# How to load a bag to vacuum seal it?



## jusmejim (Sep 5, 2019)

OK, hopefully no one will make too much fun of my question here.

When you're loading your bags to vacuum seal them how do you keep from getting the contents all over the inside edge of the bag?  Is there some sort of a "funnel" that you can get to help get the contents in the bag without getting it all over where the seal should be?


----------



## mike243 (Sep 5, 2019)

I will roll the top down some so if I hit the sides its not where I seal,not enuff hands to hold bag funnel ladle lol


----------



## tropics (Sep 5, 2019)

after folding the sides down use a paper or plastic plate


----------



## 6GRILLZNTN (Sep 5, 2019)

mike243 said:


> I will roll the top down some so if I hit the sides its not where I seal,not enuff hands to hold bag funnel ladle lol


This!


----------



## johnmeyer (Sep 5, 2019)

Search this forum because this has been discussed a few times. Here is one thread I found, but I think there is at least one more:

Vacuum sealing bulk sausage

You will find several funnel inventions, very much like you were thinking of.


----------



## Fueling Around (Sep 5, 2019)

Never a dumb question and sometimes the search function gives too many partial answers depending on your parameters.


mike243 said:


> I will roll the top down some so if I hit the sides its not where I seal, not enuff _(sic)_ hands to hold bag funnel ladle lol


Ditto
If the contents are very juicy, I either stop the vac before they hit the seal area or give it a bath in the freezer


----------



## siege (Sep 5, 2019)

I use thin flexible plastic cutting boards. You can roll them into a cylinder, slide it ino the bag, drop the food in slide out the cutting board.They have them at the dollar store. Disposable foil pans work, too.


----------



## forktender (Sep 5, 2019)

Personally I just toss it in then wipe the seal area with a paper towel moistened with white vinegar to clean it up.
I rarely have seal issues if I do I just reseal it a little further down the bag.


----------



## nchapelheel (Sep 6, 2019)

I started using the folded over bag technique. I still made a mess that way some
times. Someone on this forum,(don't remember who), suggested using thee silicone mats rolled around
whatever is going into the bag, then inserting the rolled mat deep in the bag.
Pull out the mat and then seal the bag.

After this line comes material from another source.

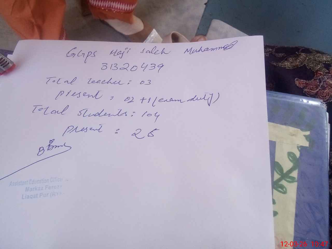 | EMIS Code: 31320439 | Name of School: GGPS HAJI SALEH MUHAMMAD FEROZA | |||

Works amazingly well.


----------



## sigmo (Sep 24, 2019)

For very runny stuff, I stuff the bag into a big drinking container that's actually an old Tupperware gadget.  Just find something the right size.  Then fold the opening down over the container if you wish (or not depending on the way things fit).

This holds the bag upright so I can do this on my own.

Then I use a funnel sold for home canning.  It has a wide mouth, and is designed for filling canning jars.  You can usually find these funnels this time of year right next to all of the canning jars at the department stores.

After the bag is full, I set the funnel aside and then I can lift the bag up out of the container I'm using as the holder, and roll it back into shape if that's needed.

I do this for filling ziplock freezer bags when freezing homemade soup or spaghetti sauce, etc, for freezing as well.  It's good to keep gunk out of the zippers just like it's good to keep stuff off of the sealing surfaces of a vacuum sealer bag.


----------